When I told Ben I would cover the story of what happened to Tommie, I wanted to make sure I had the story straight. A good reporter researches all sides of the story and isn't afraid to ask the hard questions. I thought my results would reveal that Ben was right, that all kids in group homes are being bullied by Group Home Supervisors. The reality is, the more that I dug around, the more I discovered that there are two (sometimes more) sides to every story.

The problem of kids being mistreated in group homes exists deep within the system. These are usually kids that have nowhere else to go. They're the ones who have behaviour disorders, emotional problems, social problems and sometimes even serious addictions. None of this makes for an ideal working or living situation, and it's the job of the group care worker to take the best care possible of these kids under the circumstance

The results of my research have been shocking. For one, Tommie's case is not the only case of its kind on record. There have been many instances of kids as young as 7 years old dying while under the care of group home workers. In every case a restraint hold was found to be the cause of death. There are a number of restraints used and workers are taught how to do these holds, as they are viewed as the most effective way to deal with violent outbursts. The problem is that the Group Home Supervisors, like Glen, are being taught how to use the holds, but they aren't being trained on basic life-saving techniques like CPR. When something goes wrong like it did with Tommie, they aren't trained to deal with the crisis.

When these holds are administered, there are a number of things that can go wrong:

  • Mixing drugs with a restraint hold can seriously affect the breathing patterns of the victim or cause heart failure.
  • Excessive force or certain hold positions can limit the breath intake and cause asphyxiation (smothering).
  • Vomiting is sometimes induced by the holds and if the head is in the wrong position, the victim can choke on vomit.
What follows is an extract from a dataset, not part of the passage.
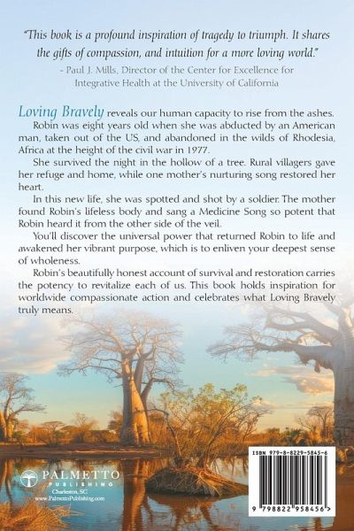 Loving Bravely reveals our human capacity to rise from the ashes. Robin was eight years old when she was abducted by an American man, taken out of the US, assaulted, and abandoned in the wilds of Rhodesia, Africa at the height of the civil war in 1977. She survived the night in the hollow of a tree. Rural villagers gave her refuge and home, where one mother's nurturing song restored her heart. In this new life, she was spotted and shot by a soldier. The mother found Robin's lifeless body and sang a Medicine Song so potent that Robin heard it from the other side of the veil. You'll discover the universal power that miraculously returned Robin to life and awakened her vibrant purpose, which is to enliven people's deepest sense of wholeness. Forty years later, longing for reconnection, Robin journeys back to now Zimbabwe, Africa. She learns a grandmother who hid her during the war from threat of discovery was told by a neighbor, "Don't bother with her, it is too dangerous." The grandmother told them, "I won't throw her away, she is a living human being." Join Robin as she sings a hymn of praise for the people who saved her life. This beautifully honest account of survival and restoration carries the potency to revitalize each of us. This book holds inspiration for worldwide compassionate action and celebrates what Loving Bravely truly means.

I don't have a solution, but I believe education is the best place to start. Group home workers need to be trained better, on everything from how to deal with special needs kids to basic lifesaving skills. Glen doesn't want to have to live with the knowledge that he contributed to Tommie's injury. They say it takes more than one person to raise a child, and I believe even more people if we raise them in violence. Group home workers don't need lessons in riot control. They need lessons in how to nurture an emotionally bruised child.